Any ideas before I ask the reporter to do a bisect?

Thanks,
Laura


2016-03-24 14:31:21

by Jiri Kosina

[permalink] [raw]
Subject: Re: [REGRESSION] panic with Wacom One Tablet on 4.4.x kernel

On Wed, 16 Mar 2016, Ping Cheng wrote:

> Yes, please provide a bisect report so we get a clue.
>
> I do not have a "Wacom One". I have a Wacom Bamboo Pen, which goes
> through the same code base as "Wacom One". I tested kernel 4.4.4. I
> don't see the issue.

Laura, do we have any result from the bisect please?

Thanks,

--
Jiri Kosina
SUSE Labs

2016-03-24 14:38:15

by Jiri Kosina

[permalink] [raw]
Subject: Re: [REGRESSION] panic with Wacom One Tablet on 4.4.x kernel

On Thu, 24 Mar 2016, Jiri Kosina wrote:

> > Yes, please provide a bisect report so we get a clue.
> >
> > I do not have a "Wacom One". I have a Wacom Bamboo Pen, which goes
> > through the same code base as "Wacom One". I tested kernel 4.4.4. I
> > don't see the issue.
>
> Laura, do we have any result from the bisect please?

BTW seems like wacom_get_report() got EPIPE and bailed out.

We used to retry on EPIPE before aef3156d72. Would it make sense to retest
with that commit reverted?

Could be that the device is for some reason causing only temporary EPIPE
that eventually gets fixed over time.

I still don't exactly see how that'd cause the null pointer dereference
later, but retval handling wacom_get_report() might possibly need some
loving care as well, looking quickly at the code. But that still needs to
be investigated.

Thanks,

--
Jiri Kosina
SUSE Labs

2016-03-24 14:43:12

by Benjamin Tissoires

[permalink] [raw]
Subject: Re: [REGRESSION] panic with Wacom One Tablet on 4.4.x kernel

On Mar 24 2016 or thereabouts, Jiri Kosina wrote:
> On Wed, 16 Mar 2016, Ping Cheng wrote:
>
> > Yes, please provide a bisect report so we get a clue.
> >
> > I do not have a "Wacom One". I have a Wacom Bamboo Pen, which goes
> > through the same code base as "Wacom One". I tested kernel 4.4.4. I
> > don't see the issue.
>
> Laura, do we have any result from the bisect please?
>

Well, there are two users with the problem, one on Arch (reported
through linuxwacom[1]) and one on Fedora[2] that Laura mentioned. If you look
at the Fedora bug, you'll see that I found an issue in the wacom driver
that fixes the crash, and seems to make the Fedora user happy. However,
the same patch is not sufficient for the Arch user, and we are trying to
get to it in the meantime.
I think I can safely send the fix for the oops now, but we need some
clarifications on the linuxwacom issues we are seeing.

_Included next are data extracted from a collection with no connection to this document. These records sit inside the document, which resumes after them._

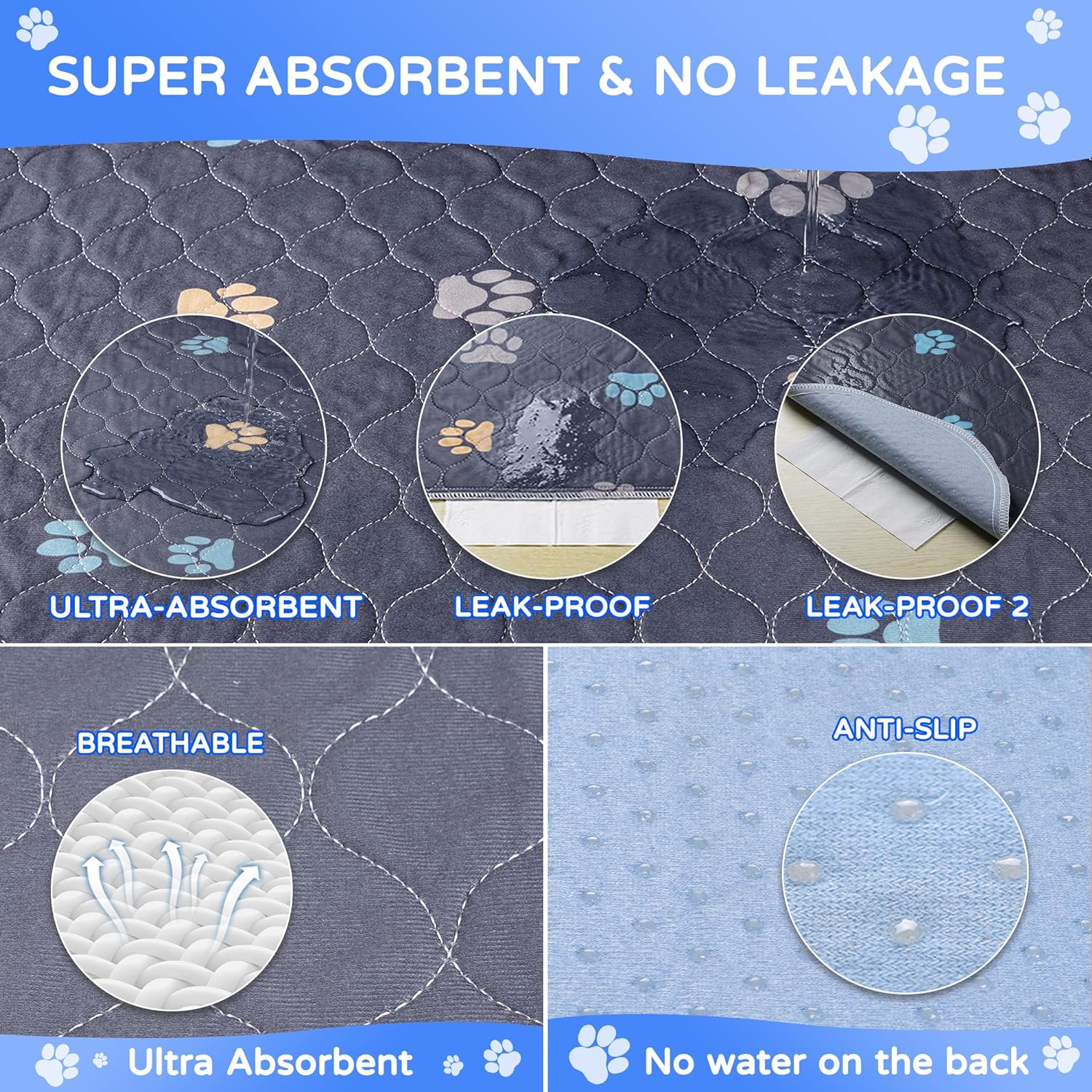 - [Multipurpose] Our waterproof dog mats are 92 x 104cm, perfect size for puppies. The dog pee pad can be used in dog kennel & dog crates, training puppies pee in a playpen or assisting incontinence elderly. They are ideal for protecting carpet, wood floor, sofa, car seats during travel
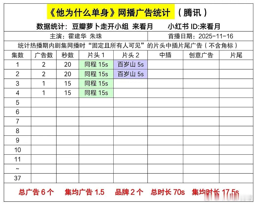 霍建华 朱珠《他为什么单身》首播广告数据 (11.16更)开局2广→1广
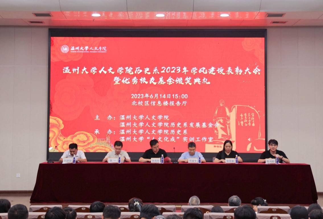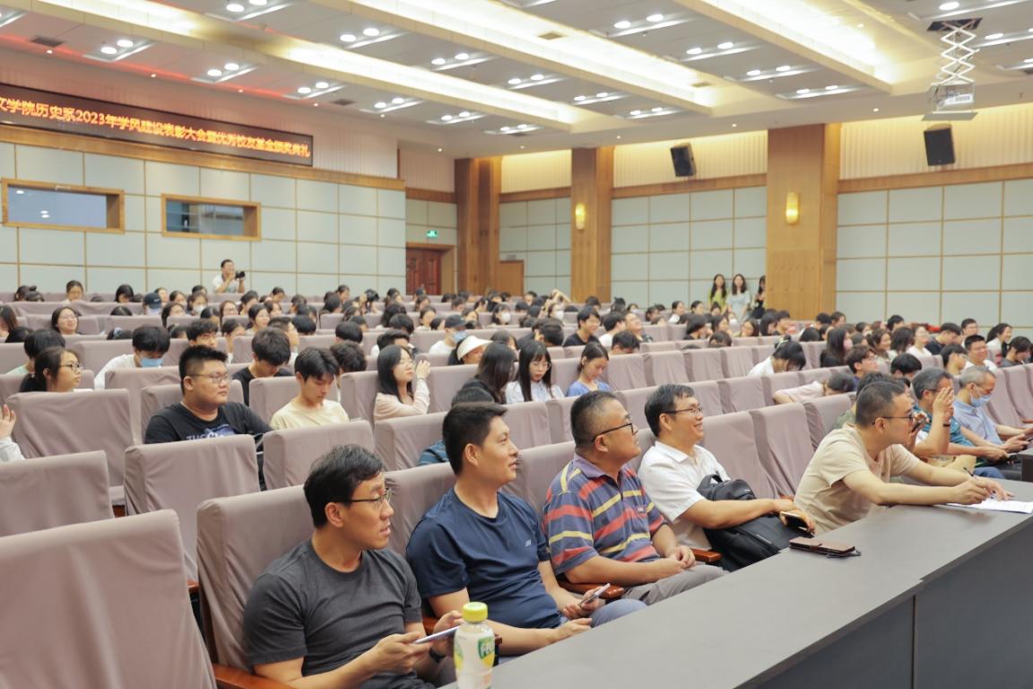 2023年6月14日,樱花小说 历史系2023年学风建设表彰大会暨优秀校友基金颁奖典礼于北校区信息楼报告厅举行。大会由樱花小说 历史系发展基金会会长刘建国主持,樱花小说 院长孙良好、副院长郑春生、院党委副书记魏一、历史系主任陈鸿超、00级历史本科校友、樱花小说 电气与电子工程学院党委副书记兼纪委书记曾蓓蕾、历史系教师代表、学院辅导员以及历史系全体学生出席。
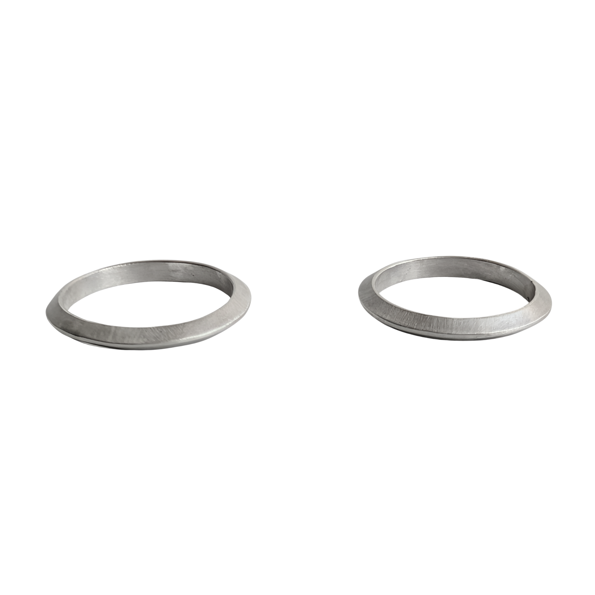 This Sterling Silver ring has a triangular or knife edge band shape.
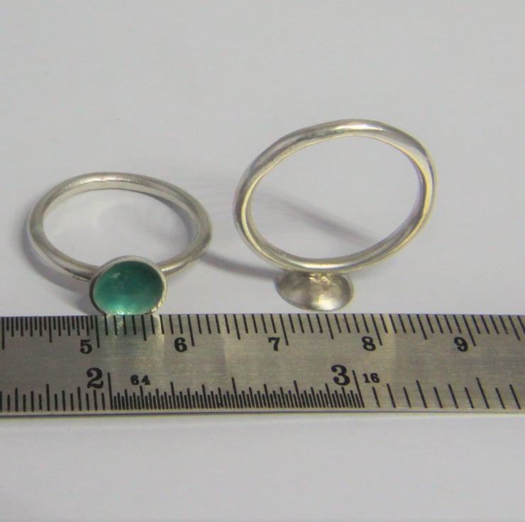 The rock pool is formed from a small disc of Sterling Silver that has been hand shaped in to a dome cup. At its widest point, each dome measures approximately 9mm. The ring shank is made from a round shaped wire, measuring 2mm in diameter.
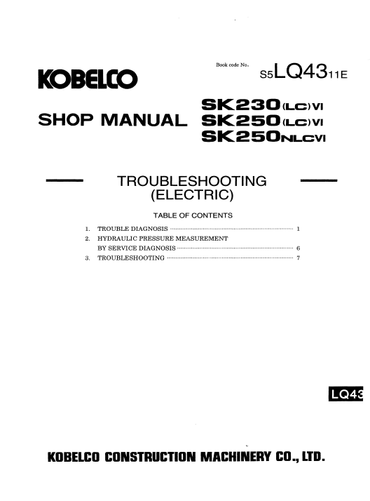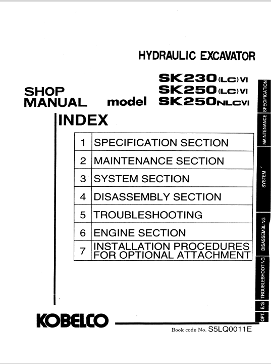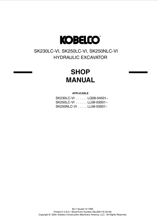 Enhance your maintenance capabilities with the Kobelco SK230LC-VI, SK250LC-VI, and SK250NLC-VI Workshop Repair Manual. This comprehensive guide is designed to provide you with detailed instructions, diagrams, and troubleshooting tips to ensure optimal performance and longevity of your Kobelco excavators. With easy-to-follow steps and expert insights, you can confidently tackle repairs and maintenance tasks, saving time and reducing downtime. Invest in this essential manual to keep your machinery running smoothly and efficiently

[1] https://sourceforge.net/p/linuxwacom/bugs/311/
[2] https://bugzilla.redhat.com/show_bug.cgi?id=1317116

Cheers,
Benjamin

2016-03-25 14:35:17

by Benjamin Tissoires

[permalink] [raw]
Subject: Re: [REGRESSION] panic with Wacom One Tablet on 4.4.x kernel

On Thu, Mar 24, 2016 at 3:37 PM, Jiri Kosina <[email protected]> wrote:
> On Thu, 24 Mar 2016, Jiri Kosina wrote:
>
>> > Yes, please provide a bisect report so we get a clue.
>> >
>> > I do not have a "Wacom One". I have a Wacom Bamboo Pen, which goes
>> > through the same code base as "Wacom One". I tested kernel 4.4.4. I
>> > don't see the issue.
>>
>> Laura, do we have any result from the bisect please?
>
> BTW seems like wacom_get_report() got EPIPE and bailed out.
>
> We used to retry on EPIPE before aef3156d72. Would it make sense to retest
> with that commit reverted?

Well, the problem is the device exposes a useless interface that
behaves like it should be working, but there are no sensors connected
to it. I wouldn't be surprised if the device just complains when we
are pocking at it when we should not.

>
> Could be that the device is for some reason causing only temporary EPIPE
> that eventually gets fixed over time.
>
> I still don't exactly see how that'd cause the null pointer dereference
> later, but retval handling wacom_get_report() might possibly need some
> loving care as well, looking quickly at the code. But that still needs to
> be investigated.

See the patch I just sent. The difference from a HID point of view
between a Bamboo Pen+Touch and a Bamboo ONE is null. However, the
Bamboo ONE has no sensors connected to the Pad and Touch interface,
and generates some spurious events. Given that all the protocol is
hardcoded in the driver, wacom.ko tries to access the pad input node
but there was none because the device is marked as "Pen only".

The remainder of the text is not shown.